I ask because we would be foolish to think the developers of some less then typical quality apps have, or will, certainly exploit this for their own monetary gain.
On our lap/desktops we use prompting firewalls and on occasion will even watch suspicious apps or behaviors, if you will, where on iOS this is much harder.
I have an idle FreeBSD box and may start mitm'ing like OP did, but seriously pouring through the kind of output a home network produces doesn't sound like fun at all and I already know that going back to a dumb phone would probably be just as easy.
I would be curious for someone to do this with other apps. Even those that aren't social networks. I have a strong inkling that most of the top free apps are doing this without any of us knowing.
What for an argument is this. So if he doesn't have a spouse or children he can't be right. What kind of populist are you?
Don't really like this kind of argumentation.
What do you expect to achieve with this step?
I would respect a company that did this because they are not only addressing users that are aware of it but also users that are not aware (but are affected.)
Wiping data is fine but it feels like it doesn't solve the crux of this problem -- communication and transparency.

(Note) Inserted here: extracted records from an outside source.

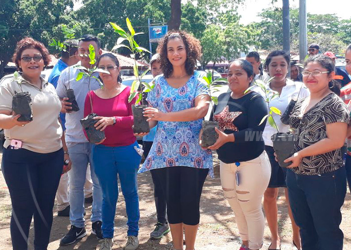La Alcaldesa de Managua, Reyna Rueda Alvarado, se unió a la celebración y sembró un árbol en el área verde del parqueo del populoso centro de compras.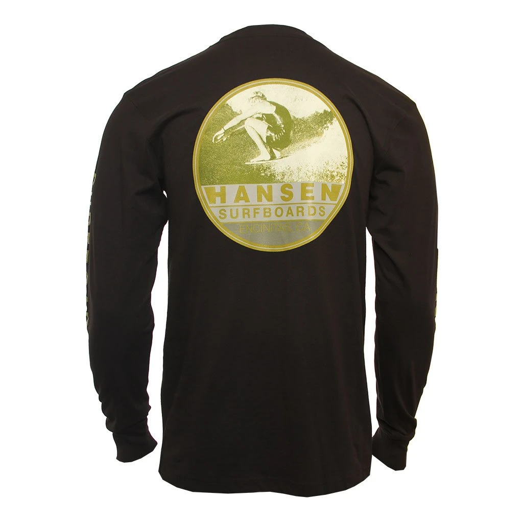 The Hansen Mens Toes Long Sleeve Shirt is a 100 % cotton tee with front and back screen prints. The picture is an iconic photo of Cheer Critchlow shot at Pillbox in Solana Beach. The photo was used in our 1968 Catalog, it is from the same shoot that we used the photo for our Iconic Sign! / Mens Shirt Toes Long Sleeve in Black / Small / Cotton / Hansen
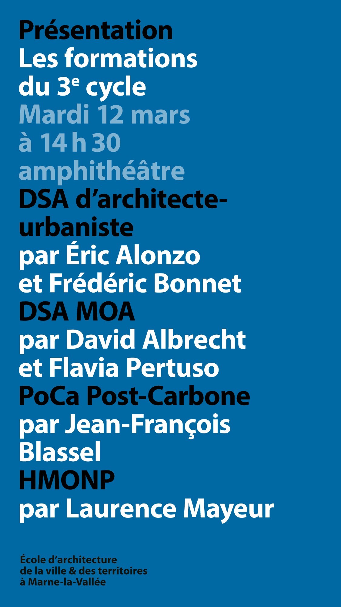 L'École organise une présentation des formations du 3e cycle (post-master) selon l'ordre suivant :

Companies make mistakes and they can fix them, sure, but communicating about them? that's much cooler. (I suspect this is overkill unless mainstream news catches on this - which seems unlikely)

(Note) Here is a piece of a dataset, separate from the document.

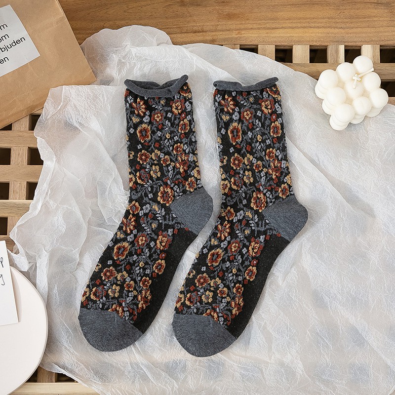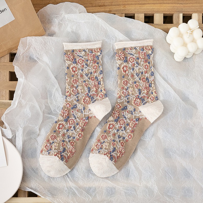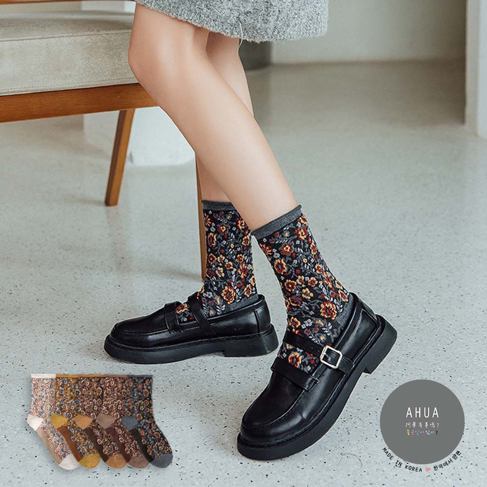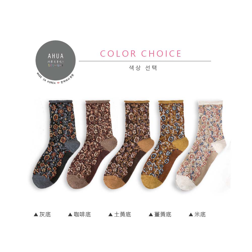 阿華有事嗎AHUA 日系襪子 無痕捲邊立體碎花中筒襪 S0359 少女襪 韓妞必備中筒襪 百搭純棉襪

Ambivalent boss: "I don't think it's a problem, who's going to notice anyway?"
Not that the ethical engineer will get anything more than personal vindication for actually giving a shit.
1) Immediately delete all of the non-user data
2) Send an apology e-mail to each Path user explaining the situation
3) Write, by hand, a corresponding apology letter for each Path user
4) Hold a townhall-style meeting in which members of the public can ask him questions
5) Pay, out of pocket, the travel expenses of anyone who attends the townhall meeting
6) Wear an indicator of shame (large necklace or a sign) for as long as he is CEO of the company
1.) Get the user's address book and 2.) upload it to a server.
Installing an application implies a higher level of trust than a web application. You can't prompt the user for every API that might have a nefarious use. Location data is also much more sensitive so it makes sense to prompt the user for that.
The problem is that this isn't easily enforceable at the API level without the user having to make decisions. The right level of enforcement is at the app review stage.
It's not enforceable even WITH the user having to make decisions. The user can not allow the app to upload one kind of data and disallow another (address book). You can only allow ANY upload or no upload at all.
1) Get the user's address book 2) upload _something_ to a server.
A user could give permission to both.
You'd have solved the problem, but created a horrible user experience instead.
I feel like shooting someone every time I see them (or for that matter, anyone else) doing things 'proactively' (at least three times in the comments of original blog post). My BS meter goes all red on that. What does 'proactively addressing issue of transparency' mean? Even the sentence itself is not transparent.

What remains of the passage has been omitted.